Debian 9 Stretch is a horrible disappointment. It's a completely unusable product in my scenario, and I see no real reason why I should bother using it. Ubuntu and friends offer a superior experience. Perhaps Debian serves a purposes somewhere, but I fail to see it. What really irks me is that in six or so years since I've last tried it, it's as if nothing at all has changed.
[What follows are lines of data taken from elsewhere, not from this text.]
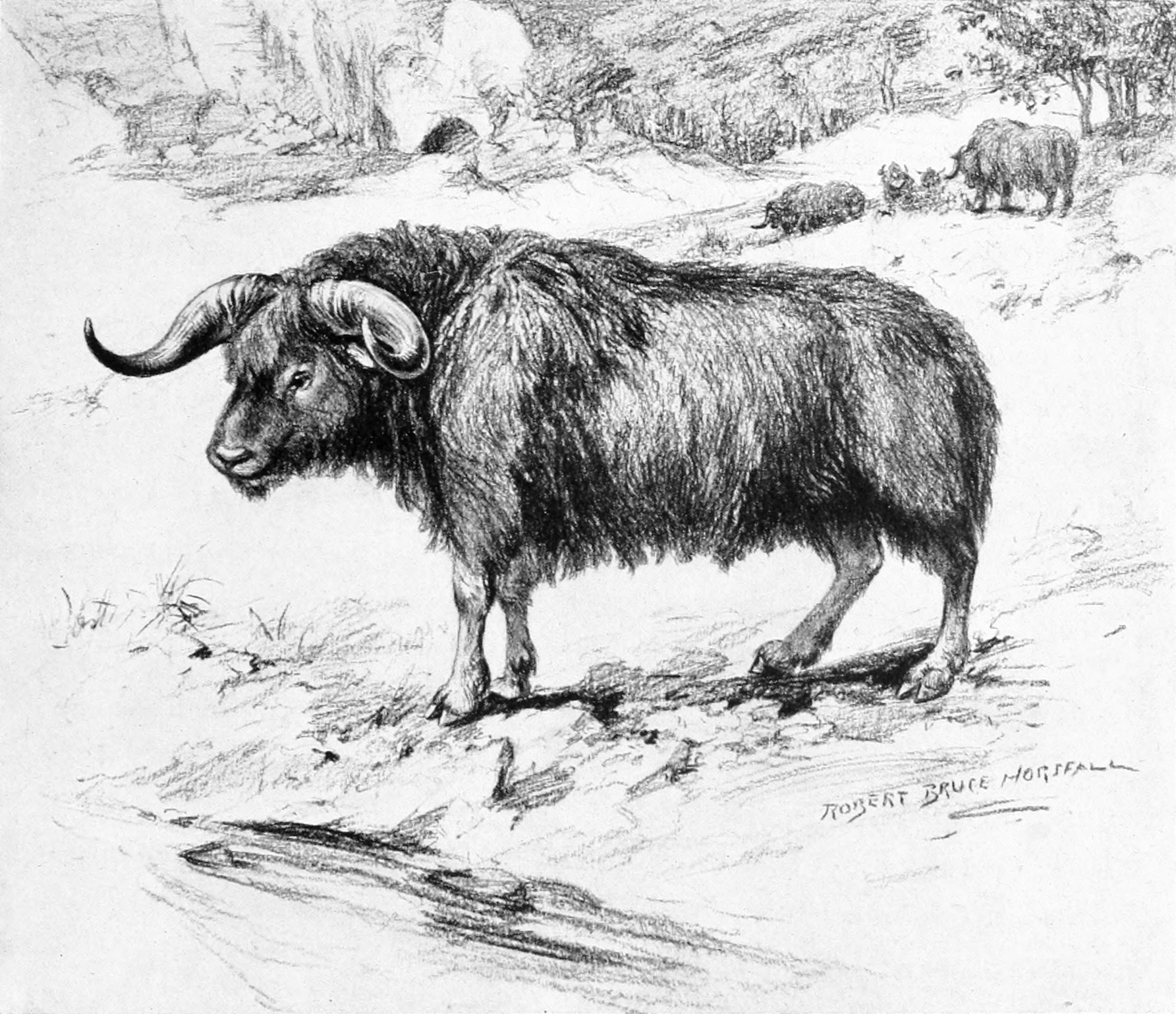 Life restoration of Euceratherium (Preptoceras) from W.B. Scott's A History of Land Mammals in the Western Hemisphere. New York: The Macmillan Company.
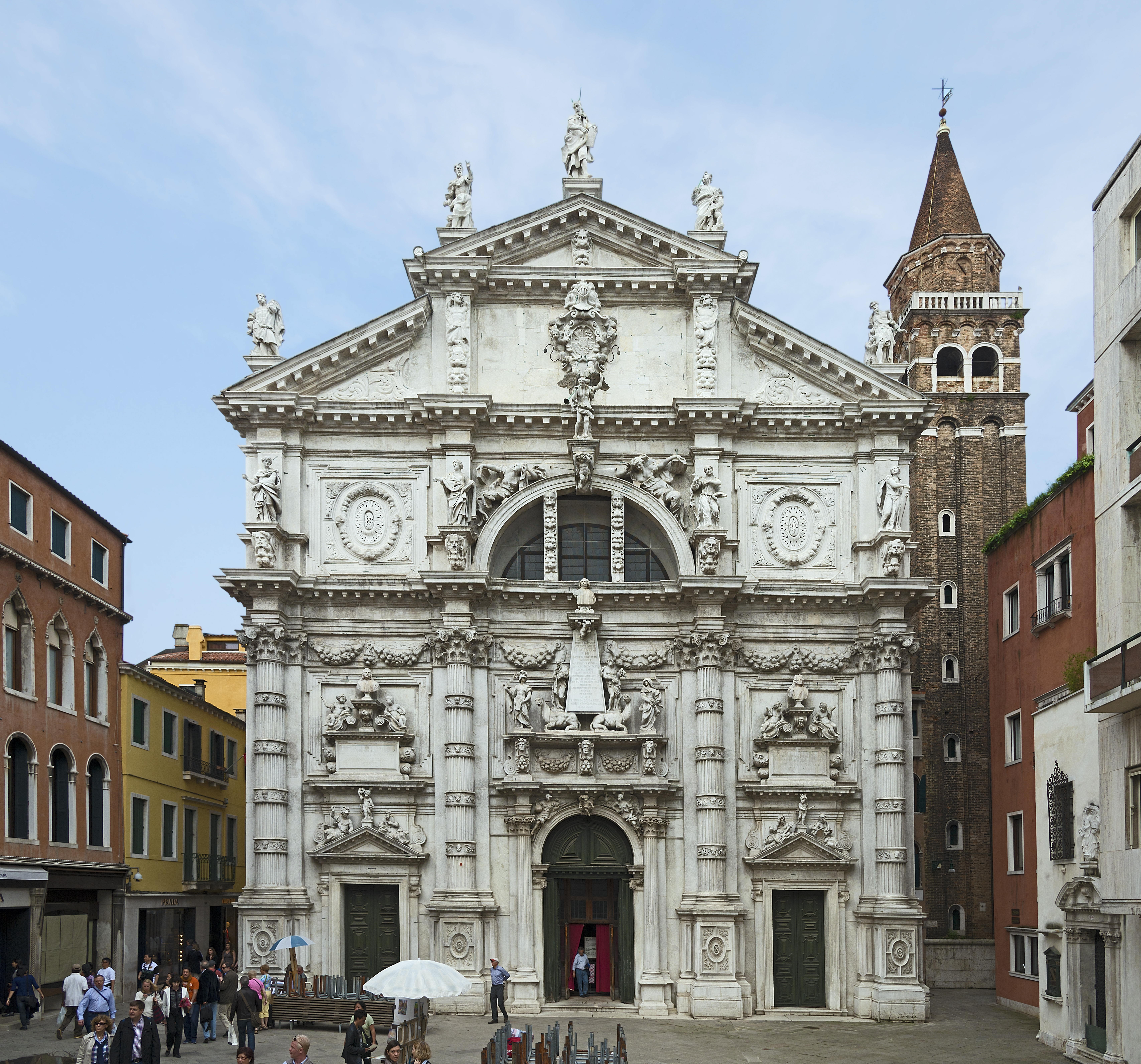 Church San Moisè Venice. Facade on Campo San Moisè by Alessandro Tremignon.
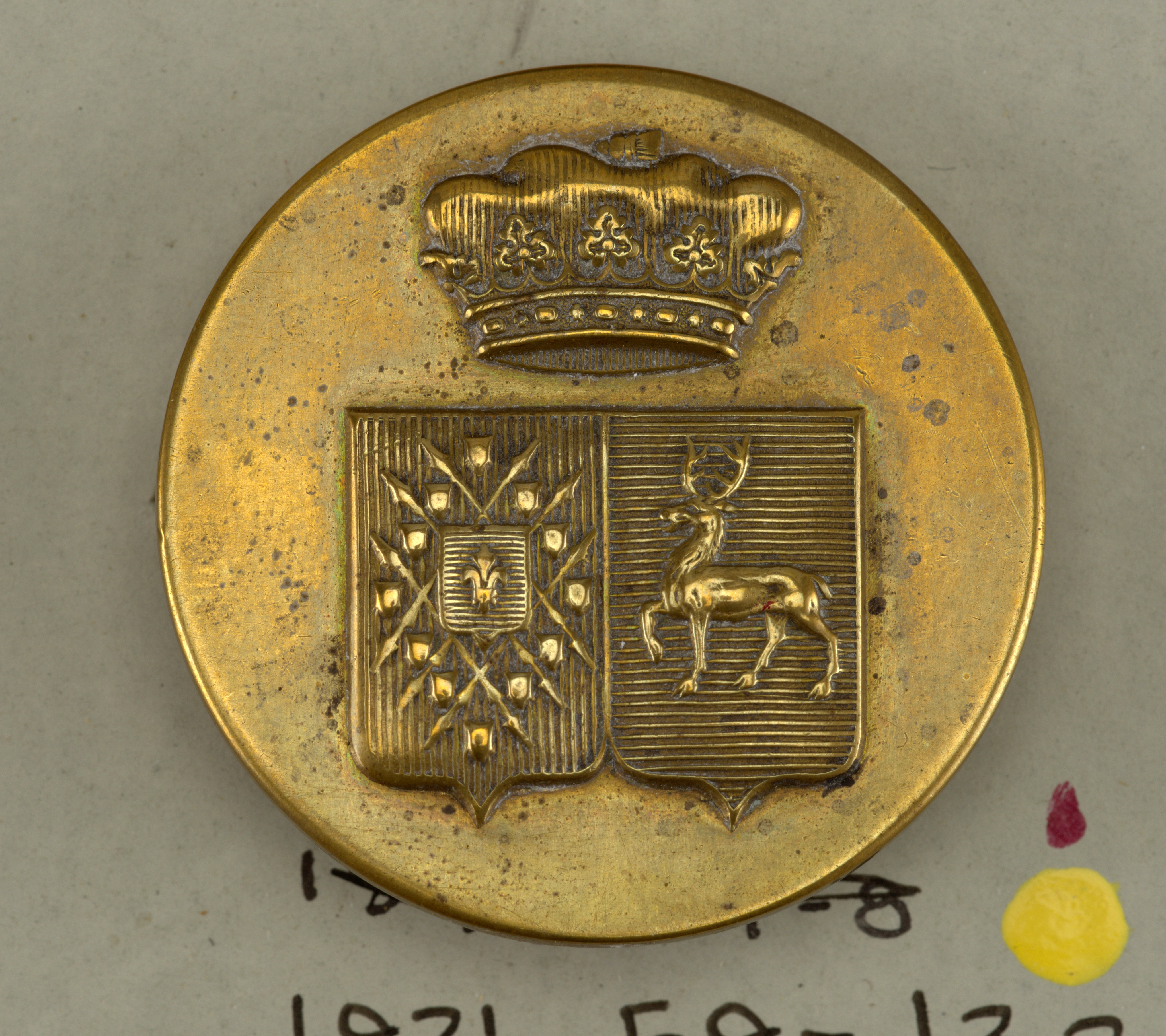 Circular, flat button; ornamented with double shield; one side showing heraldic device, the other, a stag; surmounted by a crown. On reverse: "Agry 14 rue Castiglione Mon. Bouvet." Brass shank. On card 45
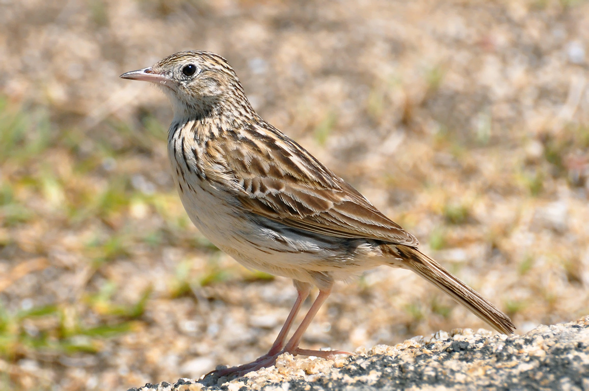 A Correndera Pipit in Cabo Polonio, Rocha, Uruguay.
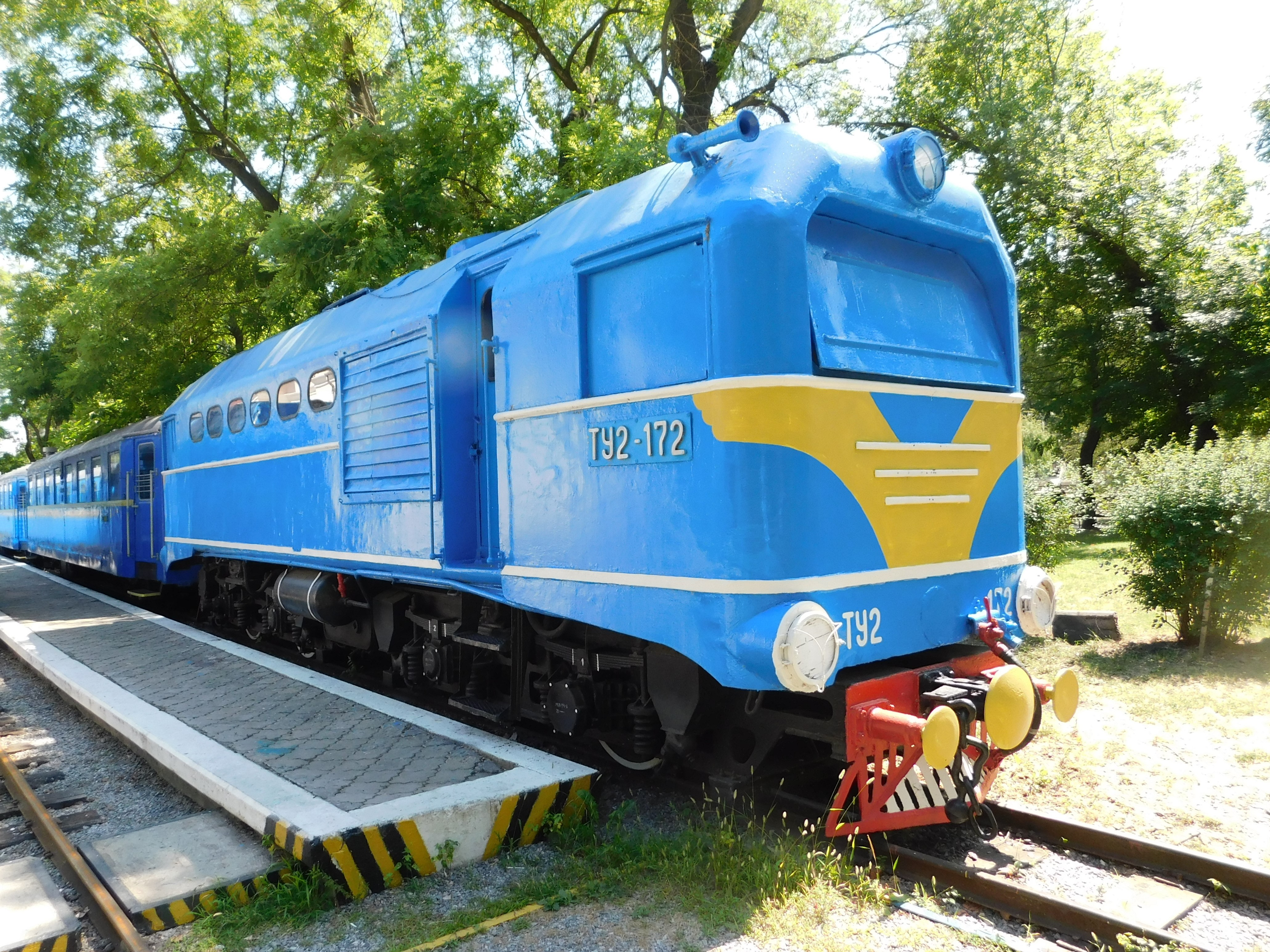 Blue TU2-172 diesel locomotive with passenger carriages in Dnipro, Ukraine.
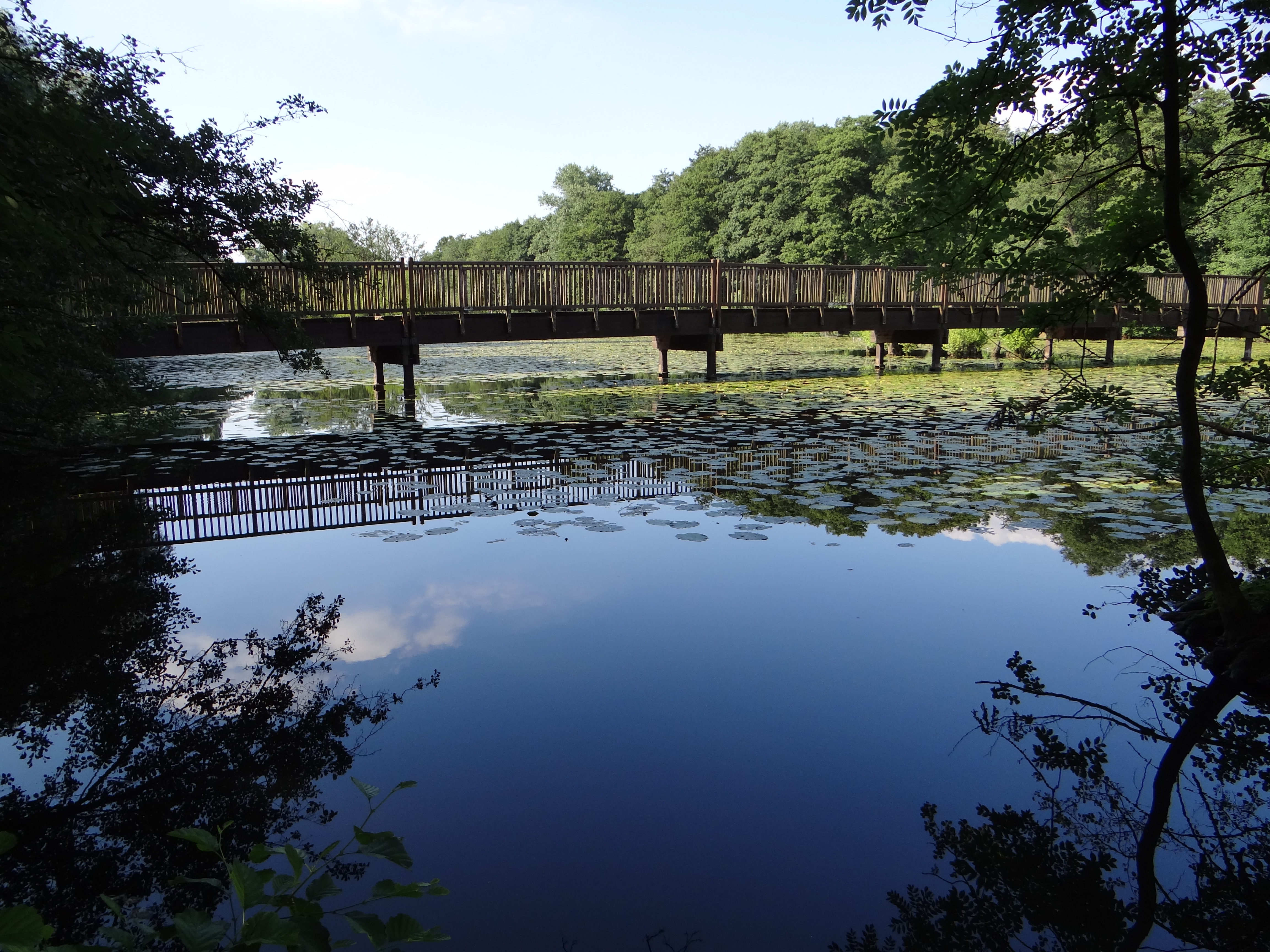 "Niepkuhlen" and footbridge in the "Niepkuhlen" nature reserve in Krefeld, Germany
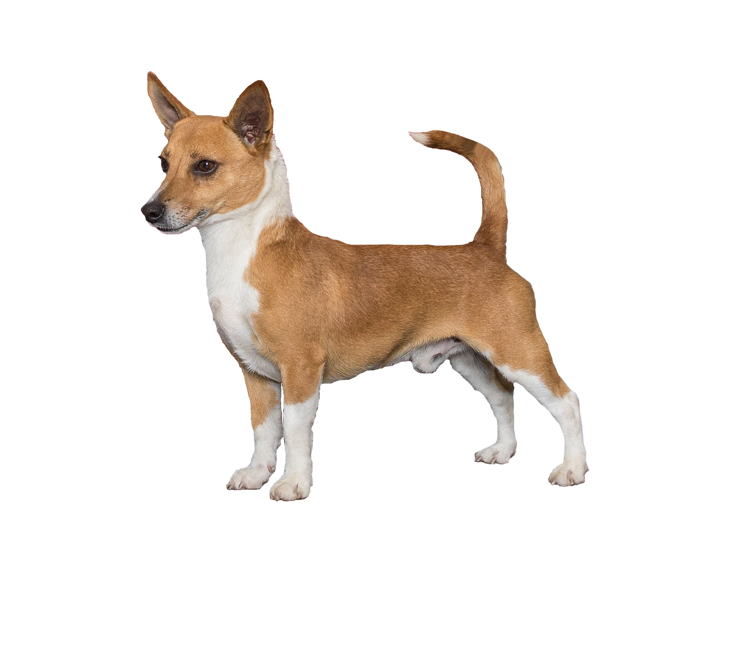 Smooth Coat Portuguese Podengo Pequeno
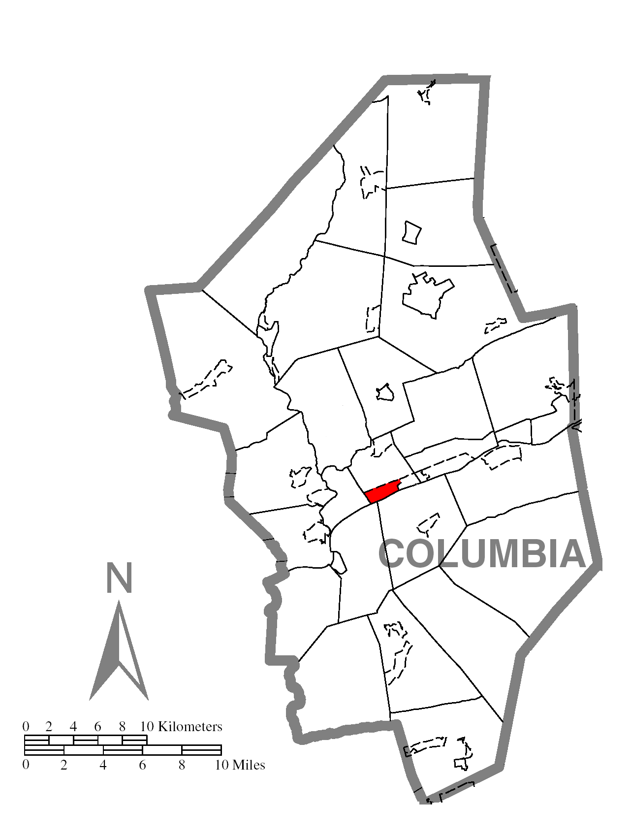 A map of Columbia County showing Espy, Pennsylvania (alternate) highlighted on the map.
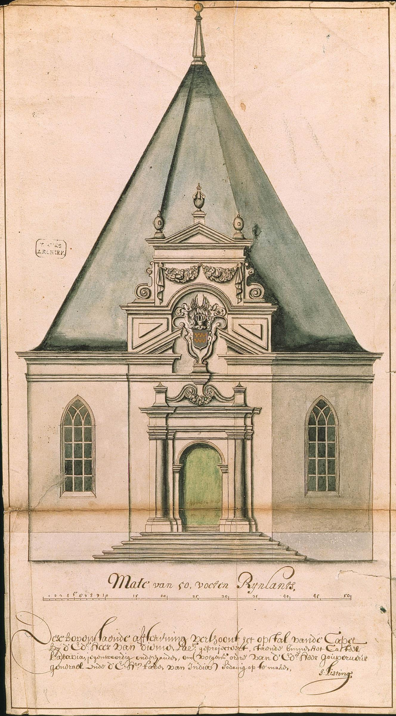 According to the Leupe catalogue (NA), the original title reads: Aftekeningh van het opstal van de Capel by den Ed. Heer van Diemen zal: geprojecteert, staende binnen het Casteel enz. A later addition in the Leupe catalogue reads: onder v. Diemen niet hoger dan kroonlijst. 100 j. gebleven daarna toren dak and refers to a catalogue to an exhibition in Amsterdam in 1919. Notes on reverse: Behoort by de Papieren van algemeen Bestuur 1658 fol. 172 Portef: 1658 I / 173 [must be the folio number in the OBP volume] / 602 ff / 40. / 1658 [in pencil].

Exactly the same kind of issues, only different hardware and kernel modules.
http://www.dedoimedo.com/computers/debian-9.html
What can one say?
I guess Mr Ljubuncic (a/k/a Dedoimedo) should stick to reviewing games on Windows.

I installed Stretch from CD some days ago.
My 2 LG screens, the GeForce GTX graphics card and the Realtek HD Audio, along with wired Internet, worked flawlessly from the first minute, with native drivers.
Then I had to spend 20 minutes setting up my WiFi.

Some people just expect to be spoon-fed, like toddlers.

And as for "sluggish" behaviour: Stretch boots in under 15 seconds, and that includes 5 seconds delay for the GRUB2 splash ...
... if you have hardware which has been manufactured by a brand name in this millennium, that is.
If you can’t explain it simply, you don’t understand it well enough.